STUDY MATERIAL below:
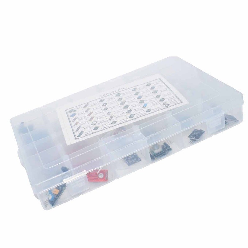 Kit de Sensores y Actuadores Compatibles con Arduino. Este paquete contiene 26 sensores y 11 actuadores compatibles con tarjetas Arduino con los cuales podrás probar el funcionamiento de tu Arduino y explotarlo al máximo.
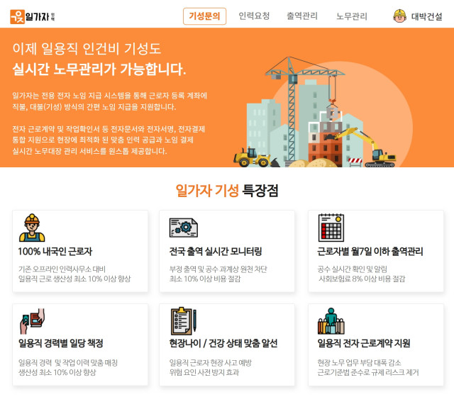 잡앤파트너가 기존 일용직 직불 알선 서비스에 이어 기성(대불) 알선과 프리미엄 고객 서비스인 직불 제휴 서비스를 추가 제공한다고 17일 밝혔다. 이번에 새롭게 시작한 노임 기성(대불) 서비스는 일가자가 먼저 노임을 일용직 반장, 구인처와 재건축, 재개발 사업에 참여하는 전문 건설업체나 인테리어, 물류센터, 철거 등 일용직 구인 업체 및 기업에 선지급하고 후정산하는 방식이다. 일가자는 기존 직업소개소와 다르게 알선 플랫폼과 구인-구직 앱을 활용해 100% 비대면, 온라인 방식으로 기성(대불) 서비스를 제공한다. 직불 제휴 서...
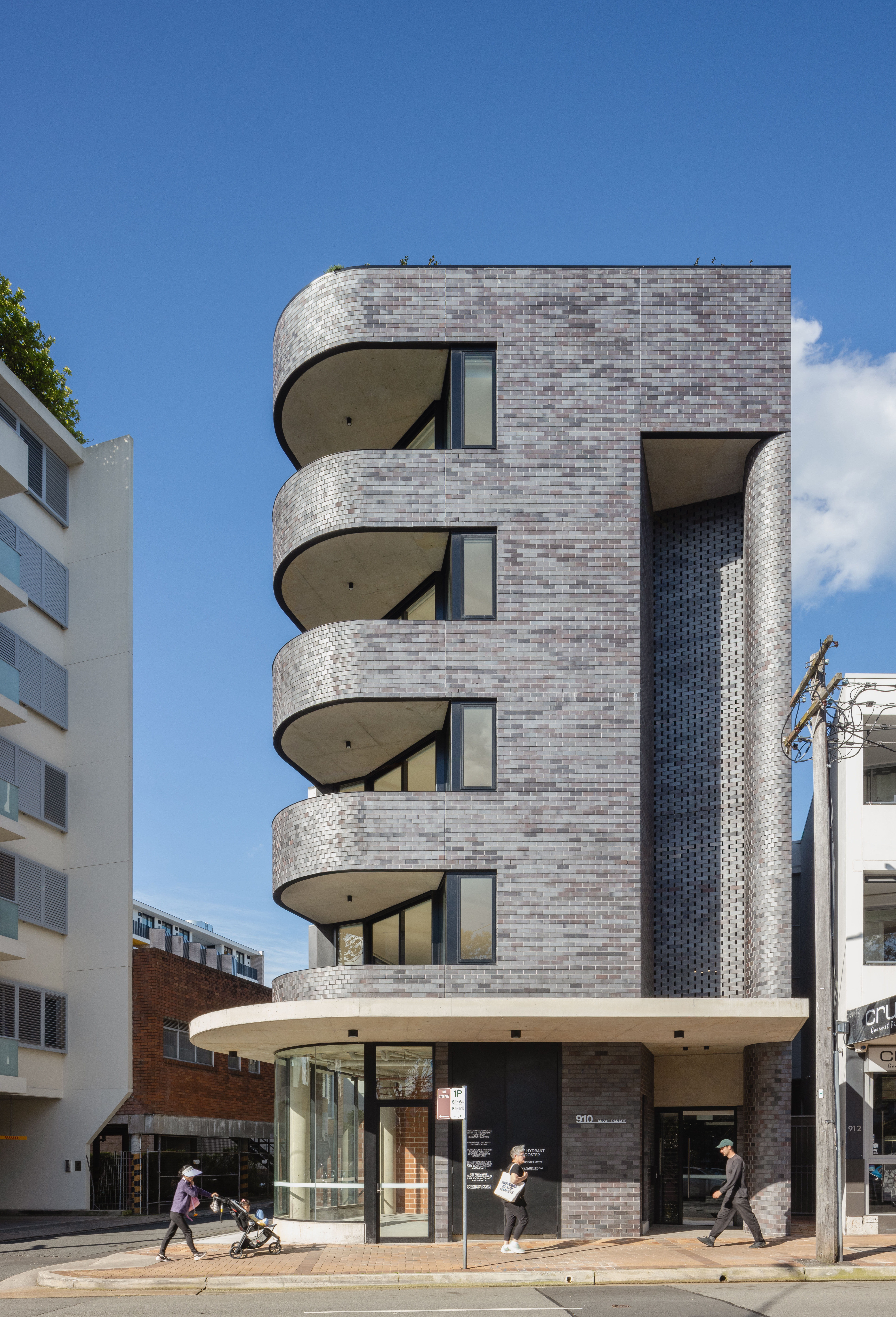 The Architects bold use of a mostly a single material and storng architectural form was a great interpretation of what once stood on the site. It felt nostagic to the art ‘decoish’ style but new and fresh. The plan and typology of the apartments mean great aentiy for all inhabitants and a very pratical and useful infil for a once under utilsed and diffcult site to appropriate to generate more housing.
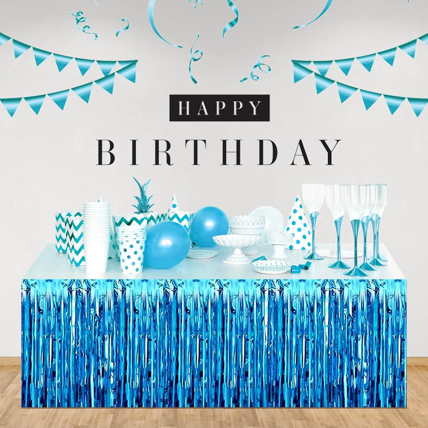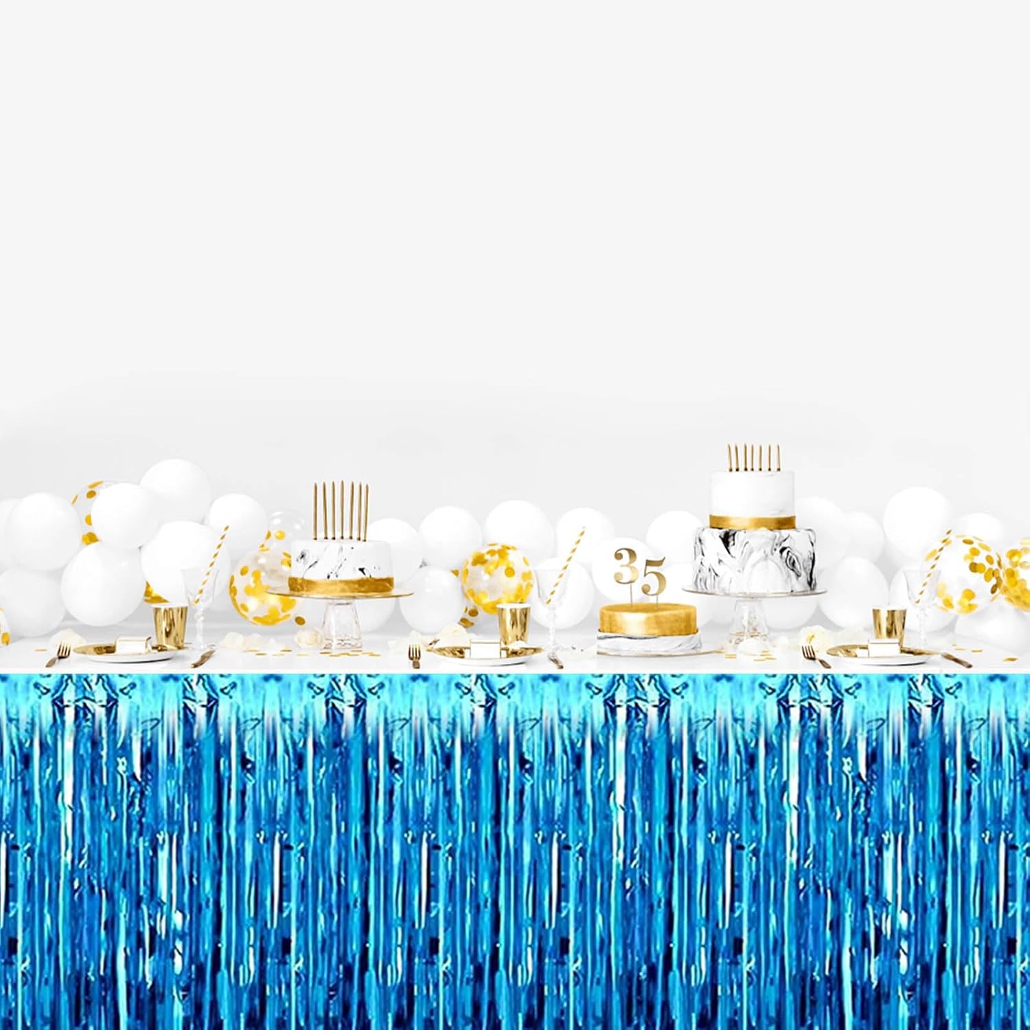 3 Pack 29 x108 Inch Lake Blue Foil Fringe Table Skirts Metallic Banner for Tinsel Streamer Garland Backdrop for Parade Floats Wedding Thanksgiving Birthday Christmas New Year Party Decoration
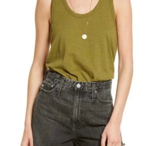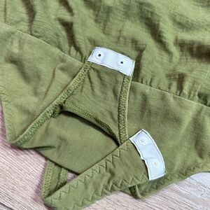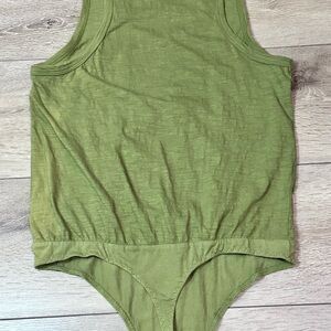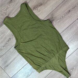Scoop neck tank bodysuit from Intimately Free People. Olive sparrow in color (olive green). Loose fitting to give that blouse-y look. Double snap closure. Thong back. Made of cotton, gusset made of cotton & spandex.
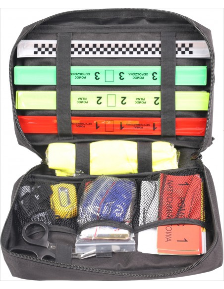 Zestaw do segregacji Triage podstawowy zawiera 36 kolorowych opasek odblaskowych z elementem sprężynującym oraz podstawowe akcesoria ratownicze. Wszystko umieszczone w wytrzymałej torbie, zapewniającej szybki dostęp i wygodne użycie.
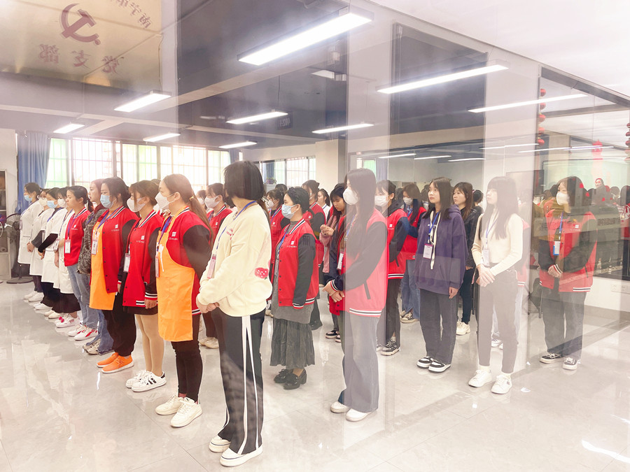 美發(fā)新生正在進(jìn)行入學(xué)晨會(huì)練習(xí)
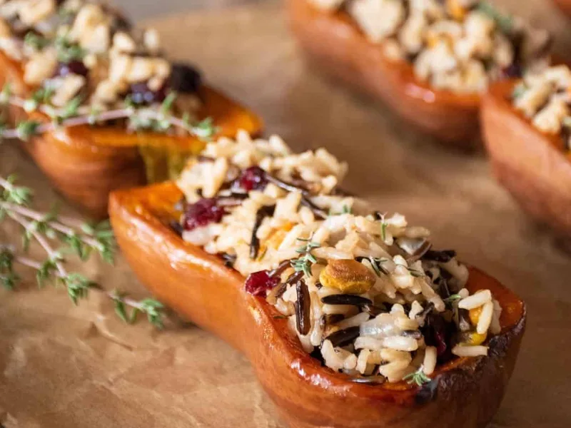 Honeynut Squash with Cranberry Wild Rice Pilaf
End of STUDY MATERIAL.
STUDY MATERIAL below:
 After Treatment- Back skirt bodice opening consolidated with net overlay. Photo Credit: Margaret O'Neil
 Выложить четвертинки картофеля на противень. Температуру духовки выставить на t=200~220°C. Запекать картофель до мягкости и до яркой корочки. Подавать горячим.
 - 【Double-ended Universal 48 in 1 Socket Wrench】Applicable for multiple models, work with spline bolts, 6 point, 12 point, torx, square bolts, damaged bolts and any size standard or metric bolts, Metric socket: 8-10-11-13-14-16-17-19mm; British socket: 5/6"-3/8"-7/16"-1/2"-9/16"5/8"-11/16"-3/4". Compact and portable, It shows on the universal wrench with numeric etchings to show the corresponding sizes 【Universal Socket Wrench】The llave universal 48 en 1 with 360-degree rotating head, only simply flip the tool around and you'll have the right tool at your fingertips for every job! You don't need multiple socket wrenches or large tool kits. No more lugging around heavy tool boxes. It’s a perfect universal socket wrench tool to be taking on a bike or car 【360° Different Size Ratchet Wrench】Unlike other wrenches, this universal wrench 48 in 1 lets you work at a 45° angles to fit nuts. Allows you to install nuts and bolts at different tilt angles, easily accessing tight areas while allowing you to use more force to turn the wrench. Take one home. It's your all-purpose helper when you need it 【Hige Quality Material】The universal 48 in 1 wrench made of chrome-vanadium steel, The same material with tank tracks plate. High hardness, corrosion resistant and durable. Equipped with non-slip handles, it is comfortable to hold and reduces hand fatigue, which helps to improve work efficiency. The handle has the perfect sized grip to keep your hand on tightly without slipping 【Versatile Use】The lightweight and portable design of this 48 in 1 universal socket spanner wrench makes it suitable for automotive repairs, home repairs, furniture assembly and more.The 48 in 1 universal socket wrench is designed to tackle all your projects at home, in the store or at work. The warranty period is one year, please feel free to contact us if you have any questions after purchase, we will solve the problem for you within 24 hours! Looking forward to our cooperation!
End of STUDY MATERIAL.
STUDY MATERIAL below:
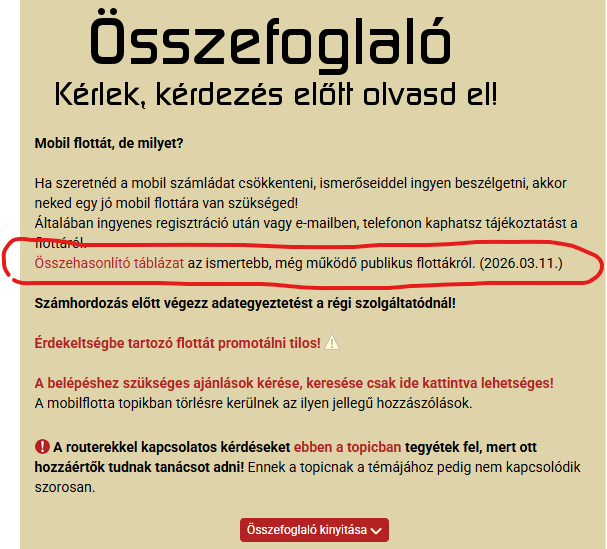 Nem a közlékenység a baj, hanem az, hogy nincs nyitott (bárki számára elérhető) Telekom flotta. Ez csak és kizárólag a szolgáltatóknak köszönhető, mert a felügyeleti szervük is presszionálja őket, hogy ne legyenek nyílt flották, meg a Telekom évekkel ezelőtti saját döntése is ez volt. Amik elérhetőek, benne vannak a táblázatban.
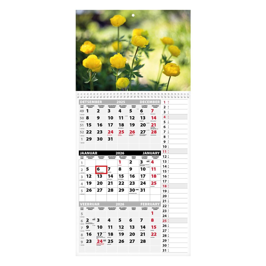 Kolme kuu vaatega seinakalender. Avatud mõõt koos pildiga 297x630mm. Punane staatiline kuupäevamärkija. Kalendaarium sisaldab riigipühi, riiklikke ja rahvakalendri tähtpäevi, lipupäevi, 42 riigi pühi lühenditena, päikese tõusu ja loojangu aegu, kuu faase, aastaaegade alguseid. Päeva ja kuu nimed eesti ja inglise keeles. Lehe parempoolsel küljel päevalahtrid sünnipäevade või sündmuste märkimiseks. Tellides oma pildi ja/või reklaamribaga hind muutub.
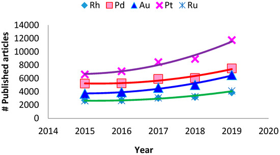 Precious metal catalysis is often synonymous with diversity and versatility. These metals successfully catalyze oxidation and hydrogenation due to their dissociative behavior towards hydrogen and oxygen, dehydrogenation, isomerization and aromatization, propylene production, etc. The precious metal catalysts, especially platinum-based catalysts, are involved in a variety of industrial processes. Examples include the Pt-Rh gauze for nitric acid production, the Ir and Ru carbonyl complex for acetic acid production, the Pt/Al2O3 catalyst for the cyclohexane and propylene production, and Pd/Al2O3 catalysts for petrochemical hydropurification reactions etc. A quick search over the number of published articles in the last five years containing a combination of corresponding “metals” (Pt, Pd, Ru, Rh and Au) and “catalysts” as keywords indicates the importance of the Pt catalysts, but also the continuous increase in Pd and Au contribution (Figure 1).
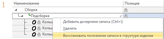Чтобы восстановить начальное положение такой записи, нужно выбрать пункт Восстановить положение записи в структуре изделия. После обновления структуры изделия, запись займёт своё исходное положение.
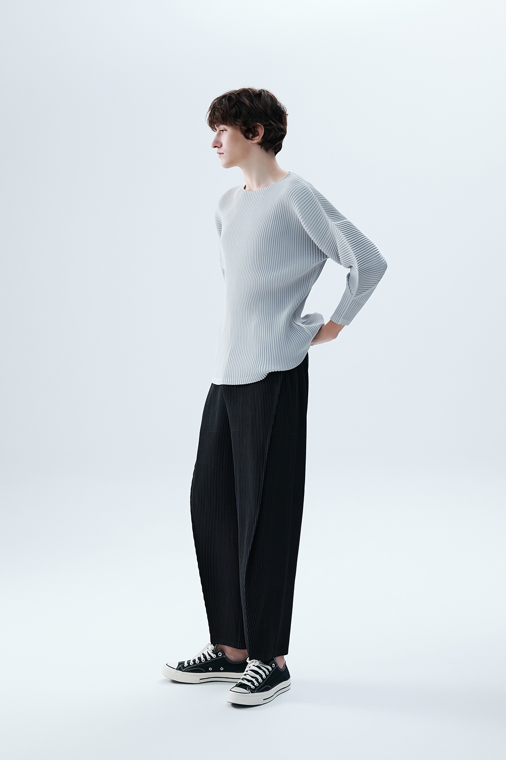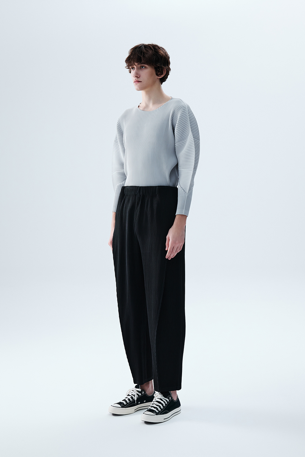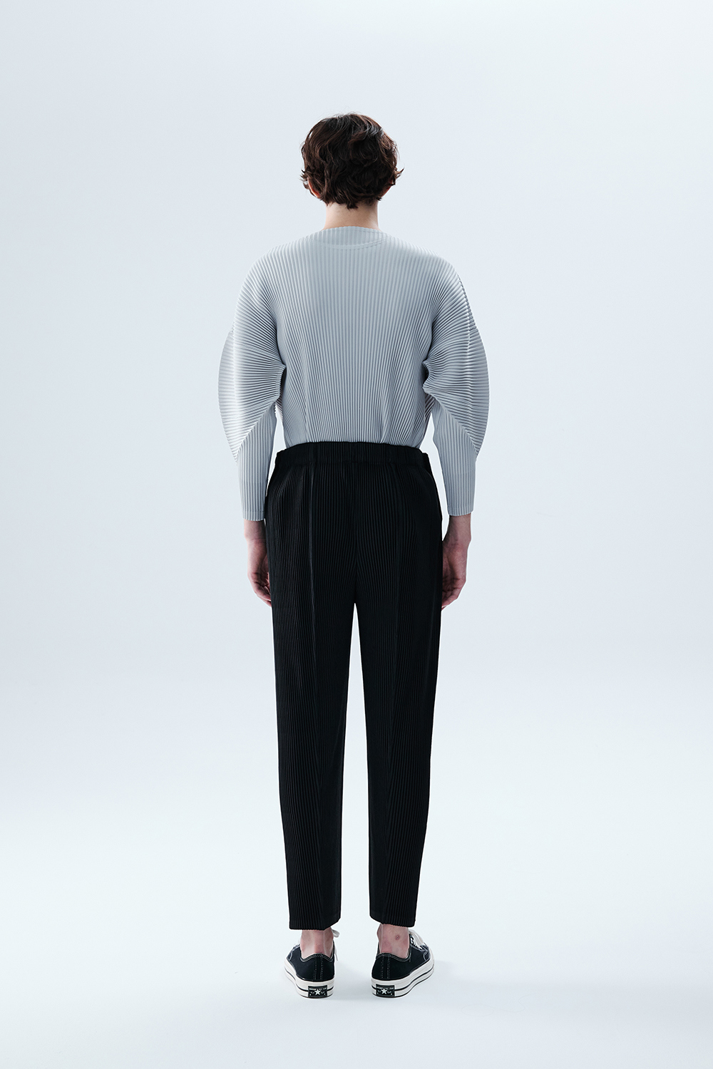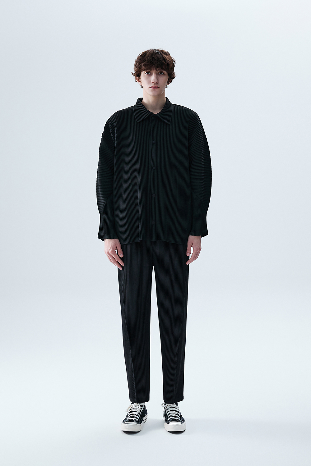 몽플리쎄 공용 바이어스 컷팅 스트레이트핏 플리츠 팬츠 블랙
End of STUDY MATERIAL.
**DESCRIPTION OF THE TASK**
Give exactly the lines above that run from the line with "Zestaw do segregacji" to the line with "Honeynut Squash with", both included, leaving every picture out.

**OUTPUT BELOW**
 Zestaw do segregacji Triage podstawowy zawiera 36 kolorowych opasek odblaskowych z elementem sprężynującym oraz podstawowe akcesoria ratownicze. Wszystko umieszczone w wytrzymałej torbie, zapewniającej szybki dostęp i wygodne użycie.
 美發(fā)新生正在進(jìn)行入學(xué)晨會(huì)練習(xí)
 Honeynut Squash with Cranberry Wild Rice Pilaf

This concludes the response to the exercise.